The very first Reith lecturer was the philosopher, Bertrand Russell who spoke on Authority and the Individual. Among his successors were Arnold Toynbee (The World and the West, 1952), Robert Oppenheimer (Science and the Common Understanding, 1953) and J.K. Galbraith (The New Industrial State, 1966).
The Reith lectures have also been delivered by the Chief Rabbi, Dr Jonathan Sacks (The Persistence of Faith, 1990), Dr Steve Jones (The Language of the Genes, 1991), Michael Sandal (A New Citizenship, 2009), Martin Rees (Scientific Horizons, 2010) and Aung San Suu Kyi and Eliza Manningham-Buller (Securing Freedom, 2011). Most recently the Reith Lecturers have been Niall Ferguson (The Rule of Law and Its Enemies, 2012), Grayson Perry (Playing to the Gallery, 2013), Dr. Atul Gawande (The Future of Medicine, 2015), Stephen Hawking (Black Holes, 2016), Kwame Anthony Appiah (Mistaken Identities, 2016) and Hilary Mantel (Resurrection: The Art And Craft, 2017).

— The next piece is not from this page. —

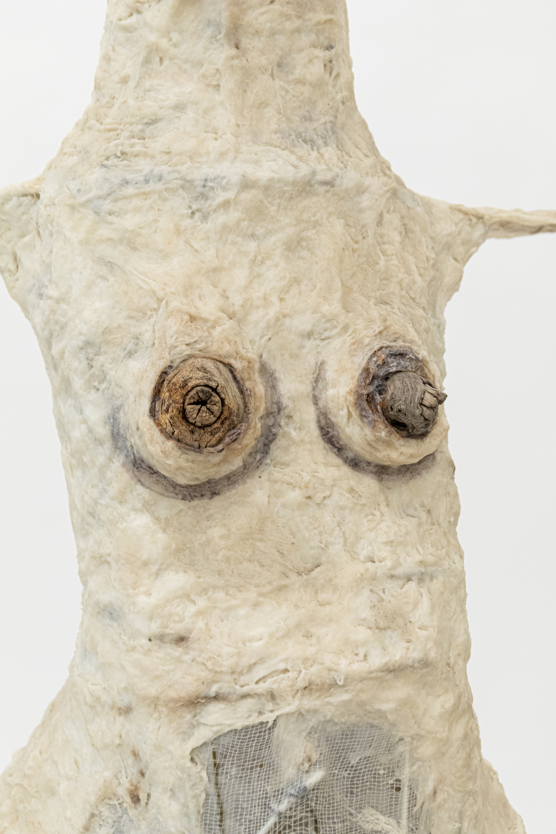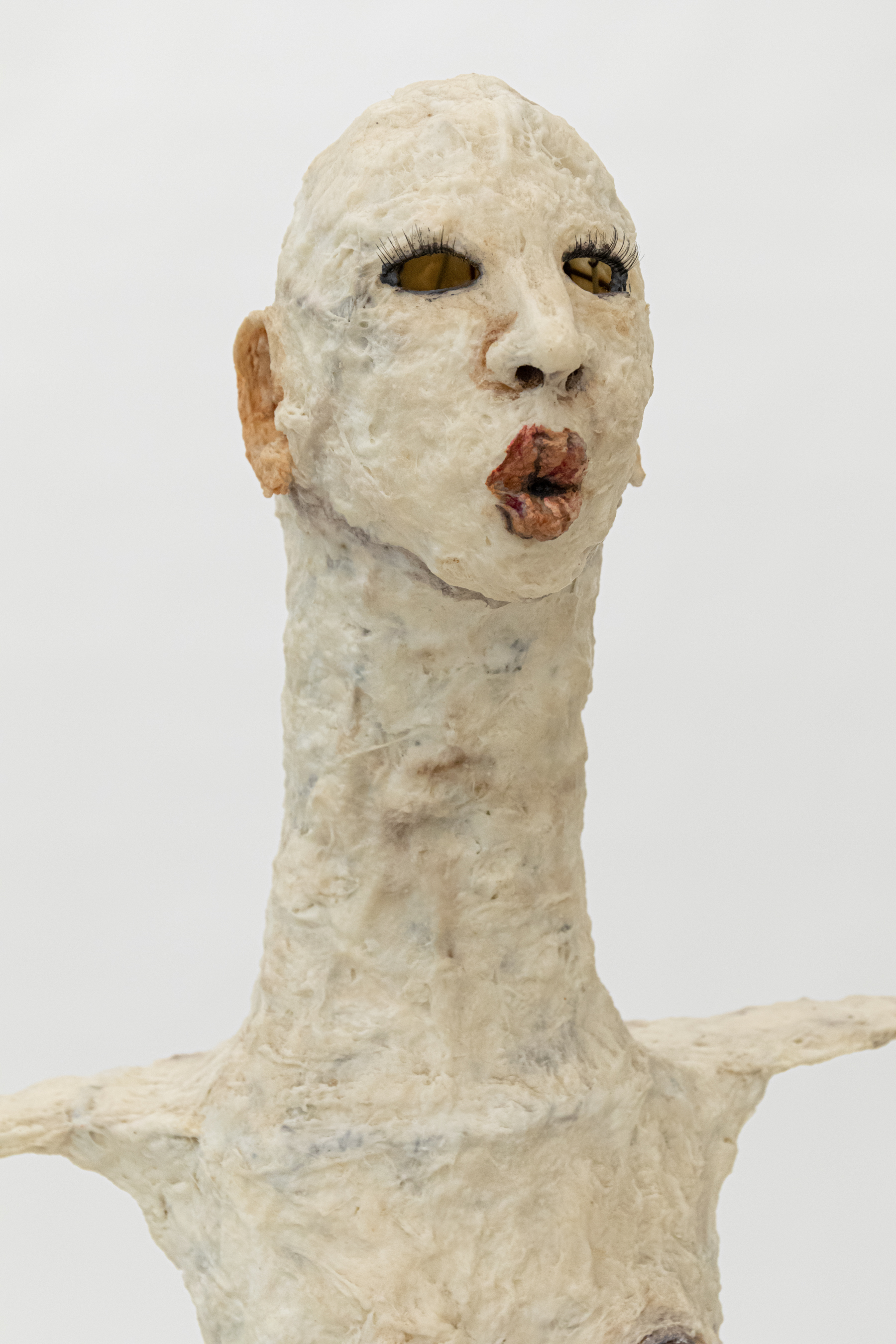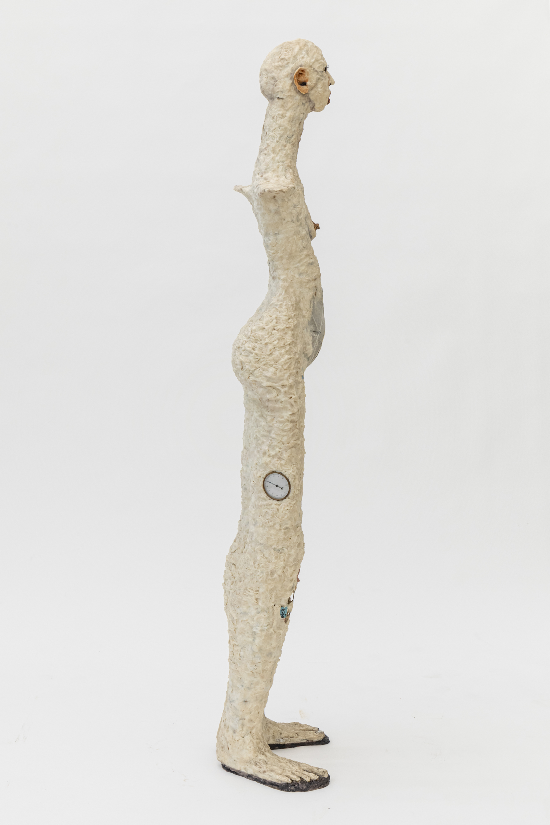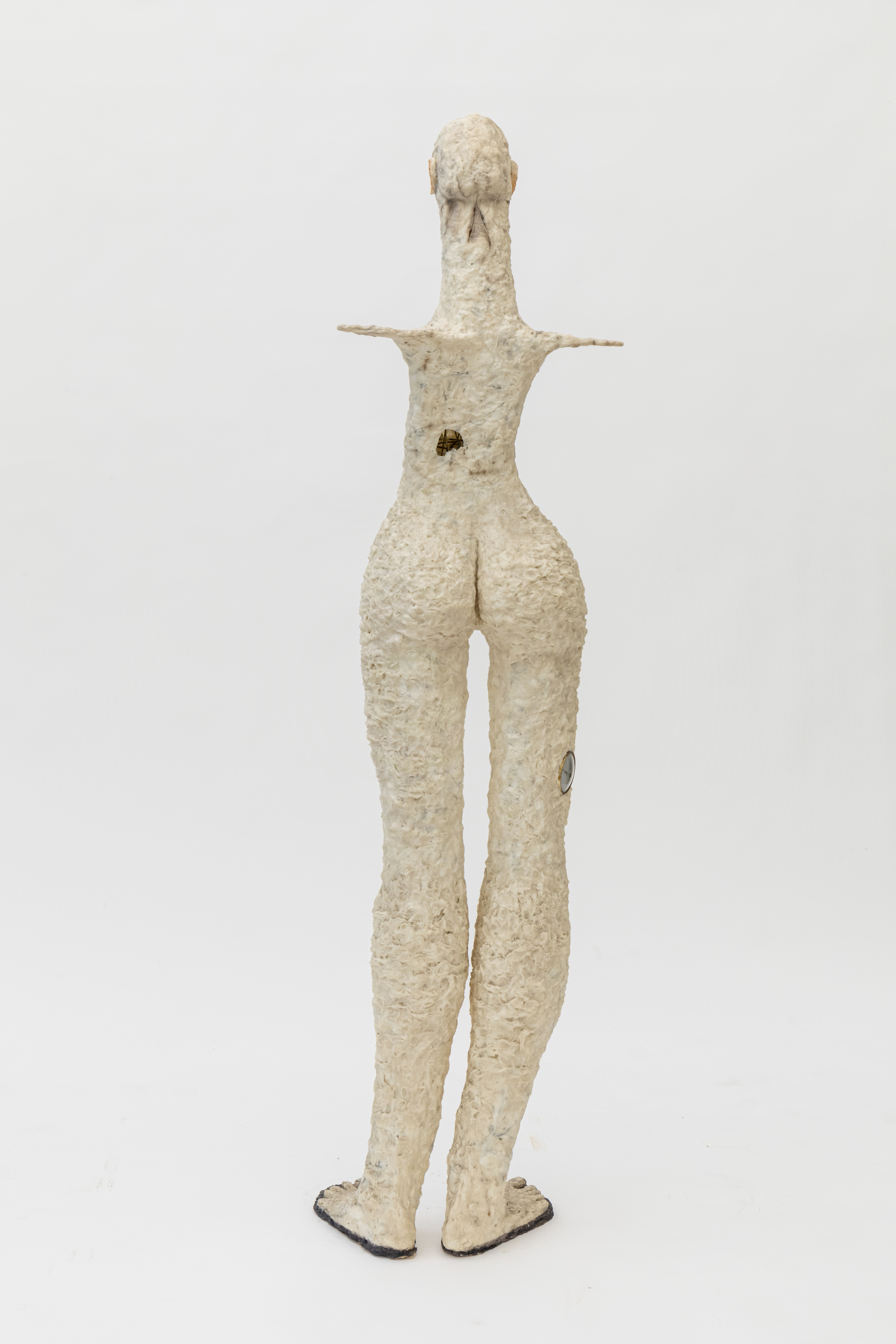 Mixed media including painted cotton, wood, ceramic fragments, dials, metal, cheesecloth, and false eyelashes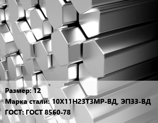 Шестигранник нержавеющий 12 Сталь: 10Х11Н23Т3МР-ВД, ЭП33-ВД ГОСТ: ГОСТ 8560-78

The Reith Archive is available at bbc.co.uk/radio4/reith and also includes the five-part series, Reith Revisited, broadcast earlier this year in which Sarah Montague and guests consider how some of the earliest BBC Reith Lectures look from the perspective of 2017. The ideas and individuals explored in the series included Michael Sandel, who examines Bertrand Russell’s inaugural 1948 Reith Lecture series on Authority And The Individual; Grayson Perry who revisits Nikolaus Pevsner’s The Englishness Of English Art; Brian Cox who explores the lectures on Science And The Common Understanding delivered by Robert Oppenheimer, the scientist known as the father of the atomic bomb; Professor Anand Menon on Robert Birley’s lectures on Britain In Europe; and Professor Angela Stent on George Kennan’s lectures on Russia, The Atom And The West.